Womens Health

Opposing Stem Cell Research


Despite recent advancements in stem cell research and the excitement generated regarding its potential use for human health and cell repair, stem cell research has evoked a flurry of controversy concerning both ethical issues and possible scientific complications. Although understanding how cells develop and differentiate and developing techniques wherein healthy cells can intentionally be used to replace damaged cells is one the most important research areas in contemporary biology, this relatively young science is raising serious questions and its opponents are as vocal as its proponents.

Ethical Stem Cell Research Opposition

The main opposition to cell research surrounds the use of embryonic stem cells. Embryonic stem cells are obtained from early-stage embryos that were fertilized as part of an in-vitro fertilization procedure but never implanted into a woman's uterus. Those opposed to the use of embryonic stem cells claim that that the embryo is a human being with rights. Since embryos are destroyed during the process of extracting stem cells, some people (including various religious groups) deem the procedure to be first-degree murder. In contrast, the alternative viewpoint argues that the young embryo is too rudimentary a structure and too underdeveloped to constitute a human being.

Scientific Stem Cell Research Opposition

Since stem cell research is only in its infancy and much of the research has been conducted in laboratories with animals, some scientific results have been found to be unstable, with the injection of embryonic stem cells causing fetal abnormalities. Another problem has to do with embryonic stem cell differentiation, which has not always been successful in laboratory experiments with animals such as mice and rats.

Solving the Embryonic Stem Cell Controversy

While extracting cells from human embryos results in the death of the embryo and leading pro-life advocates to call it homicide, new and exciting research is underway that converts skin cells into what are called induced pluripotent stem cells (iPS cells), cells that emulate embryonic stem cells and that could therefore potentially replace the need to used stem cells derived from embryos.

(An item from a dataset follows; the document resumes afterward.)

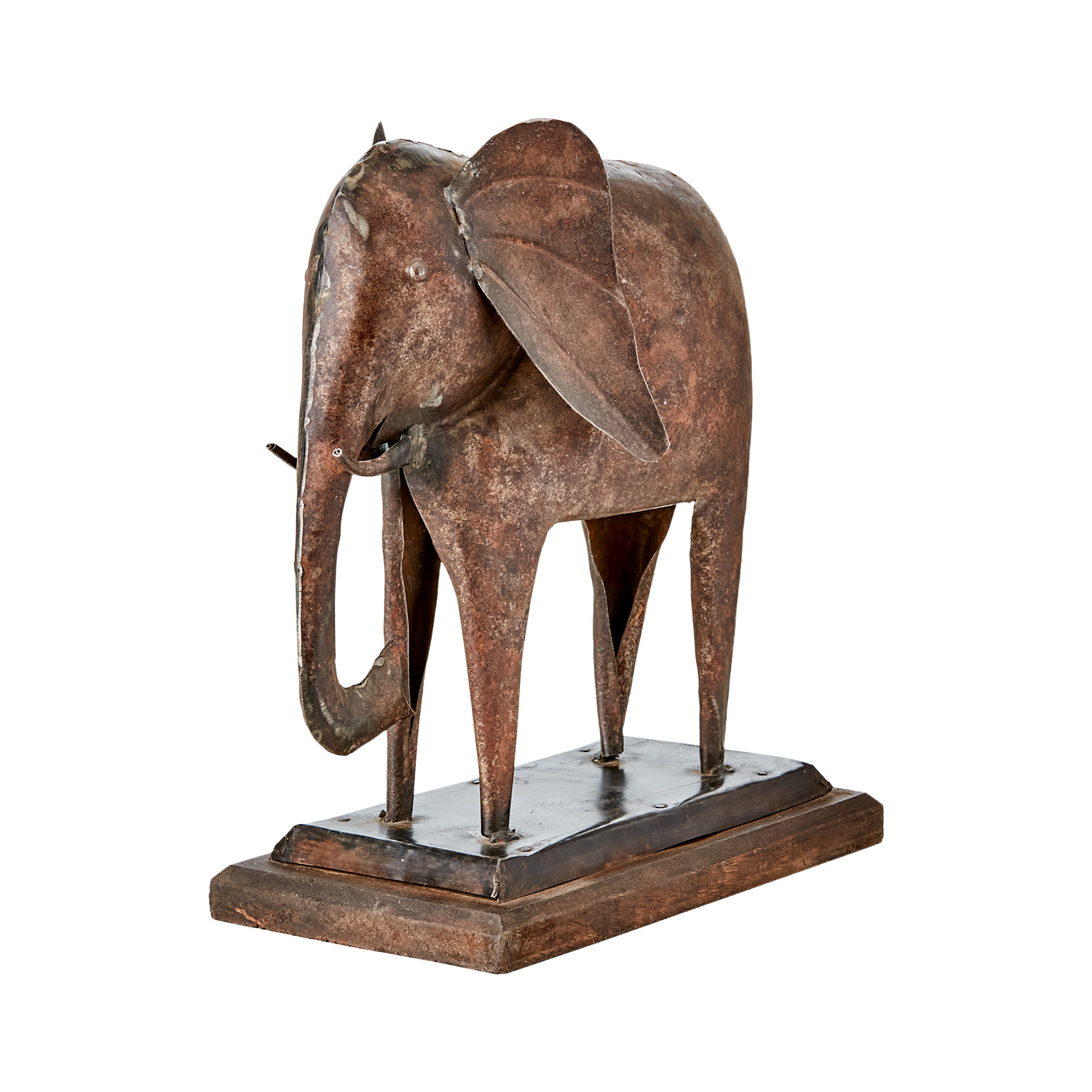 Vintage dekorace kovový slon hnědé až rezavé barvy. Ručně vyrobená replika starého díla. Na dřevěném podstavci. Výška 29 cm. Povrchová úprava je hladká a nešpiní. Krásný solitér pro milovniky vintage stylu.

If successfully developed, iPS cell technology could offer many of the advantages of embryonic stem cells while simultaneously solving its ethical dilemmas.

Finally, a third category of stem cells is adult stem cells. While once believed to be very limited in scope and capable of developing or differentiating into only very few cell types, recent research has indicated that the flexibility of adult stem cells may have been underestimated. If so, they may offer another viable solution to the problems inherent in embryonic stem cell research.